Entries provided →
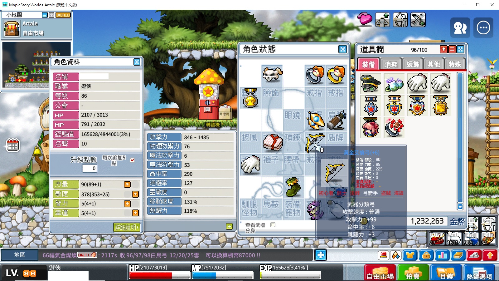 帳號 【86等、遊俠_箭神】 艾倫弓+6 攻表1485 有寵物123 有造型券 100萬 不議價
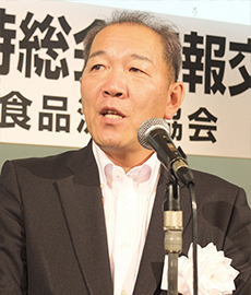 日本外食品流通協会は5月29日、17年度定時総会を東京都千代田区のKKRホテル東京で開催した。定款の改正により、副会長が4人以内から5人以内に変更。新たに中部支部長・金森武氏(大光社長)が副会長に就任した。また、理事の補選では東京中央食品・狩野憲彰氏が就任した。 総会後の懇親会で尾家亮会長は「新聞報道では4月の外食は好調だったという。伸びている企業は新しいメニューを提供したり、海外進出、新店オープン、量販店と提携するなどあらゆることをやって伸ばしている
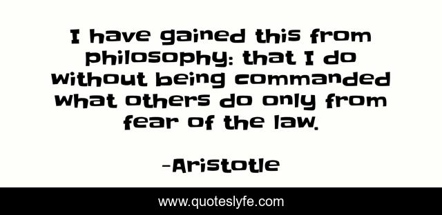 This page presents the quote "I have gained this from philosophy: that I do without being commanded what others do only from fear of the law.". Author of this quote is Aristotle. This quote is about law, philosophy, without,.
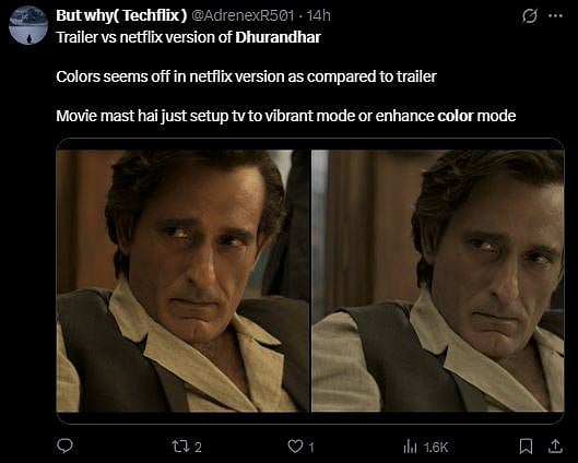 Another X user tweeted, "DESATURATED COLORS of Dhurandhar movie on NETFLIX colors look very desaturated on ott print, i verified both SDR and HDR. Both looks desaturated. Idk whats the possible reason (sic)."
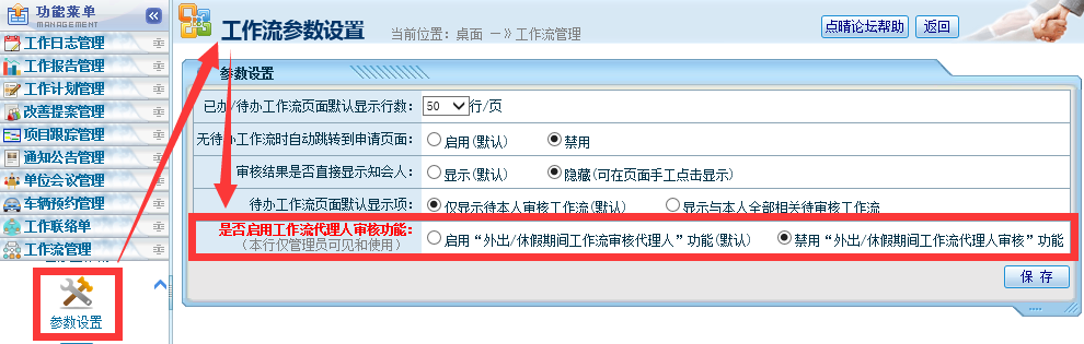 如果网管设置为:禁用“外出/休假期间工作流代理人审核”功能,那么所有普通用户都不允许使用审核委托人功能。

Work task → From the line containing "This page presents" down to the last line of the data, print every line exactly and nothing else. Pictures stay out of the copy.

Completed task →
 This page presents the quote "I have gained this from philosophy: that I do without being commanded what others do only from fear of the law.". Author of this quote is Aristotle. This quote is about law, philosophy, without,.
 Another X user tweeted, "DESATURATED COLORS of Dhurandhar movie on NETFLIX colors look very desaturated on ott print, i verified both SDR and HDR. Both looks desaturated. Idk whats the possible reason (sic)."
 如果网管设置为:禁用“外出/休假期间工作流代理人审核”功能,那么所有普通用户都不允许使用审核委托人功能。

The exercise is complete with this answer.